そんな姉にロックはまだ大丈夫だと言い聞かせるように言った。

 

「だがまだ終わりじゃない。結末(エンディング)には到達していない。出演者が増えてきてはいるが、肝心の主役が残念なことに鈍感だ。京介さんは頼りになる人なんだが、どういうわけか恋愛感情に鈍い。性欲とかは思春期なりにあるんだがね。だからこそ、あの人を攻略するに必要な欠片(ピース)を他の出演者が見つける前に此方が手に入れなければならない。それこそが勝利への鍵だ。まずは鍵の入手こそが必要、それを手に入れた後は鍵穴に鍵を差し込めば後は強引にでも扉は開けられる」

 

 回りくどいような言い回しだが、どういうわけか説得力がある。その所為なのか麻奈実はうんうんと可愛らしくも懸命に首を縦に振っている。

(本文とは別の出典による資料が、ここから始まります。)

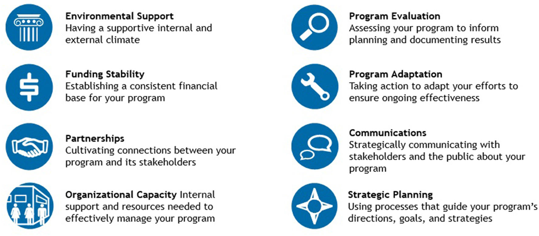 This eight-domain conceptual framework is useful to help programs and organizations looking to understand the factors beyond simple funding that affect a program's capacity for sustainability. For example, programs that collect evaluation data about their processes and outcomes can better demonstrate the necessity of their program to leadership and stakeholders (13). Communicating concise outcome data to policymakers and showing a program's impact on the community better positions the program for continued funding and support (14).

そんな姉だからこそ、ロックは応援したくなるのであった。

 

「だからこそ、姉さんにはその鍵をまず手に入れてもらいたいんだ。これこそが事を進める上で必要な最初の欠片(ピース)だ。これがなければ話にもならない。だが、これが手に入れば状況は逆転する。今まで守勢だったのが此方からの攻勢に転じることが出来る」

「その、ロック………私は…………」

 

何か言いたいが口に上手くだせない。そんなもどかしい気持ちに悩んでいる麻奈実。そんな姉にロックは決め手を突きつける。

 

「姉さん、酷い言い方になるが事は簡単だ。姉さんが優しいのは分かってる。だからこそ、これは酷な事になるがそれでも言わなければならない。いいか、姉さん………『皆に気を遣って戦わないで負け犬に興じるか』、『あの鈍い京介さんを真正面からぶち抜くか』、どっちかだ。時は金なり、なれど時間は金では買えない。待っていたって物事は始まらないんだ。物語を進めるには自分でページをめくるしかない。姉さんはページをめくるのか? もしくは本を本棚にしまうのか? どっちだ?」

 

 その問いかけに麻奈実は真剣な表情を本人なりに浮かべ必死に考える。端から見たら可愛らしい困り顔でウンウンと唸りながら悩んでいるようにしか見えない。これもまた可愛らしい。どうしてこんな姉に兄貴分がドキドキしないのかとロックは少し不思議に思う。

 そんな麻奈実はやっと答えを出した。

 

「ねぇ、ロック……私、その本のページをめくりたい」

 

その言葉を聞いてロックはニヤリと口元を笑った。待っていた台詞を聞けたからだろう。

 だからこそ、ロックは麻奈実に手を差し出しながらこう答えた。

 

「分かった。姉さん、それじゃ始めようか………姉さんの『恋愛相談』を」

 

 

 

 こうして田村 麻奈実の恋愛を応援すべく、彼女の恋物語のいく末を見届けるために、田村 いわお(ロック)の『恋愛相談』が始まった。